Around seven lakh people across the world are vocally impaired. If that be the case, a deaf-muted people will find it difficult to have a conversation with normal people. This gives a poor experience of expressing views and perceptions for both of them. Hence, there is a need of a method that helps a deaf-mute people communicate without a loss in expression. Various approaches were been proposed in order to intake the gestures like Data gloves to sense the data but in intention to give the input gestures by human naturally instead of sticking on electro-magnetic behaviors and also in concerning with high cost later carried out with Histogram of capturing the data with the help of orientation but for the ambiguity of sensing different gestures as the same data it has also had a replacement of representing as like static gestures by following the simple patterns and emerged with dynamic gestures using leap motion controller.

However, for capturing better datasets Skeleton Tracking methodology has been invoked for its high accuracy of perceiving the data which tends to detect the gestures based on skeletal joint movements. Despite its better accuracy, lags behind in detecting variants made in fingers as it targets hands over the fingers. From the reasoning of above standards here, an advanced standard called Kinect X-box 360 is made use of, which aims to intake gestures more accurately through Depth images where depth camera has been incorporated within the sensor. The camera tracks motion by sensing the skeletal joint movements.

II. Existing Method

A.Exploiting Recurrent Neural Networks And Leap Motion Controller For The Recognition Of Sign Language And Semaphoric Hand Gestures – By Danilo Avola and Marco Bernardi

The employed technique Recurrent Neural Network which used to disclose the temporal dynamic behavior in which the input and output states are being controlled by Long-Short term memory. This technique might provide an effective way of representing new datasets based on a large subset. But it does not find a way to identify semaphoric Hand Gestures; hence it fails to extract features with RGB data

B. Static And Dynamic Hand Gesture Recognition In Depth Data Using Dynamic Time Warping- By Guillame Plouffe and Ana-Maria Cretu

The technique deals with representation using Dynamic Time Warping which tends to calculate the optimal match between the sequences and in result could able to recognize both static and dynamic gestures. These impacts on obtaining better detection of background extraction and with skin color. However, absence of a module for a more accurate adaptation of the size of a user hands instead of double training ate different depths.

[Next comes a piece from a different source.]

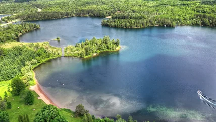 Bewabic State Park is a peaceful and quiet place, centered around Fortune Lake, part of the larger Fortune Lakes chain. There are several interesting historic structures built by the Civilian Conservation Corps (CCC) — besides stone restrooms, stoves, and drinking fountains, there's an impressive log bathhouse. The park also has a tennis court and a playground for staying active, and a picnic area with a shelter for relaxing. You may spot wildlife like deer, porcupines, or red foxes, and birds such as pileated woodpeckers and eastern bluebirds. Anglers can cast a line for walleye, bluegill, perch, and bass, and there's a beach for swimming. All these activities, combined with trails, paddling, and camping, make Bewabic a great pick for a lake vacation.

C. Large Vocabulary Sign Language Recognition Based On Fuzzy Decision Trees-By Gaoling Fang and Wen Gao

The technique involves usage of Fuzzy Decision Trees and Hidden Markov Model which are used to recognize Gesture

Sign Language Recognition

and temporal pattern recognition. This technique comes useful for diminishing classification errors. But a major downside is the inability to blend non-manual parameters into sign language recognition.

D. A Survey On 3d Hand Gesture Recognition- By Hong Cheng and Lu Yang

The paper imposes on sign language interpreter by Hand trajectory and with static gestures. The technique makes it able to recognize gestures using 2D and 3D modeling. Still it needs to have better accuracy in recognition and concerned with irrelevant prediction of gestures.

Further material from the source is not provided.